残忍さも、狡猾さもそこにはない。ただただ驚き、茫然としている子供のような彼女がそこにはいた。
「なに驚いてんだ? オレがお前に暖かい言葉をかけてやるとでも思ったか? 残念ながらそれは思い上がりだ。オレは作家だぜ? 自分のどうしようもない思想を他人に押し付けるエゴの塊。オレはお前を仕方なく捨てたんじゃない。オレ自身が、お前をいらないと判断して捨てたんだ」
「……なんでそんなこと言うの?」
ぼそりと、リトルは言った。
「アタシがこんなにあなたのこと考えてるのに!! なんでそんな風に言うの!? なんでアタシを認めてくれないの!? なんでなんでなんでなんで!!!!」
リトルが僕達を睨んだ時、僕はぞっとした。
その片方の目が、膨張したかのように飛び出し、ぎょろぎょろと蠢いている。
まずい! 呪いが暴走してる!!
「ジョーさん!! 早く逃げるぞ!!」
僕がゲートに駆け込もうとして、はたと止まる。
既にそのゲートは閉じてしまっていた。
万事休すだ。
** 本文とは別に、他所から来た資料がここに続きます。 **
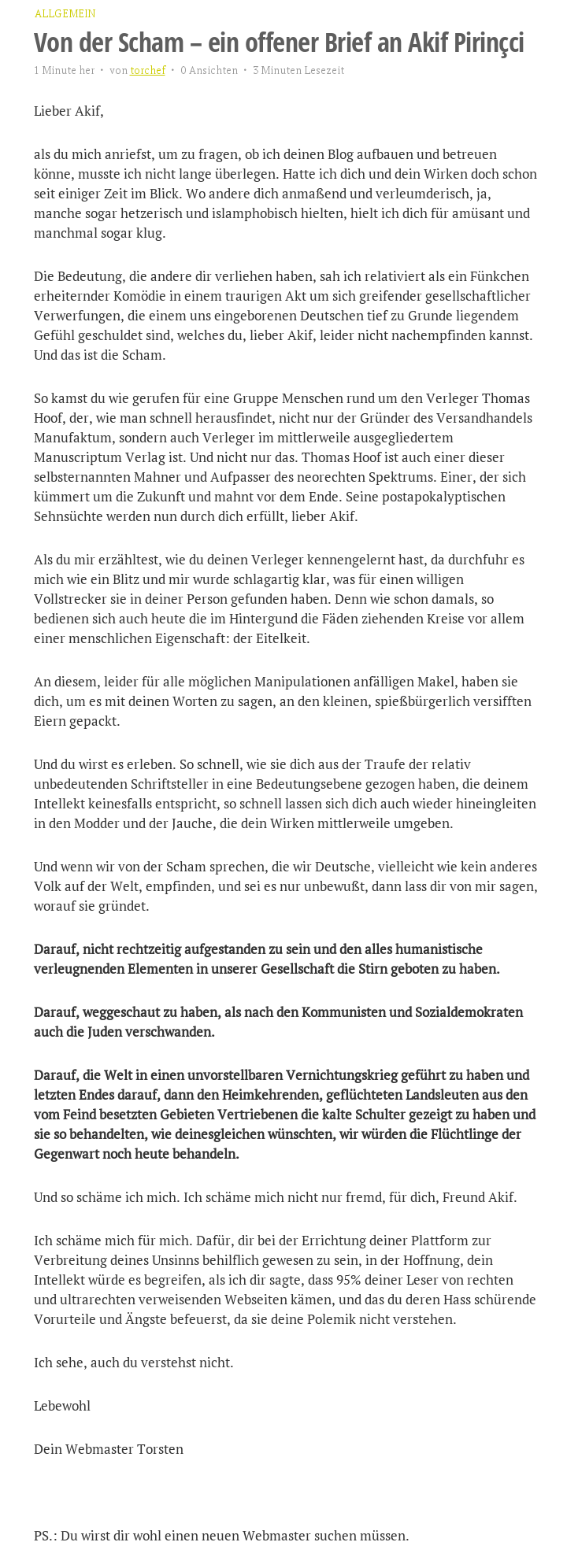 Dieser Torsten, den Johannes Boie im zweiten Artikel auf der heutigen SZ-Seite 3 würdigt (unfrei online), ist jetzt jedenfalls nicht mehr Pirinccis Webmaster. Vielleicht kann Pirincci den Text nicht von der-kleine-akif.de entfernen und lässt erst mal seine ganze Webseite abgeschaltet, um diesen Text dort nicht zu stehen zu lassen, vielleicht ist Webseite einfach überlastet, nachdem der Autor noch mal groß durch die Medien ging.

もはやこの世界から逃げられない。
「アハハハハ!! そういうわけだから、一生アタシと遊びましょ!!」
「お前馬鹿か?」
ジョーさんは静かに言った。
「あん?」
「ここはもう、黒海リトルの世界でも、ヒロインたちの世界でもねえ。小早川裕也が望む、誰も死なない世界だぜ?」
ジョーさんは僕に銃口を向けた。
「誰も死なない世界なら、ぶっ壊しても文句はねえだろ?」
「ちょ──」
銃弾は、何の躊躇もなく僕の額を撃ち抜いた。
目的のためなら何でも捨てる。それが作家で、それがジョーさんだ。
ああ、やはり僕は、ジョーさんのようにはなれそうにない。
しかしだからこそ、僕は彼女に、どうしようもなく焦がれるのだろう。
僕の意識が消えるのと、この世界が消えるのと。
どちらが先だったのかは、僕には分からなかった。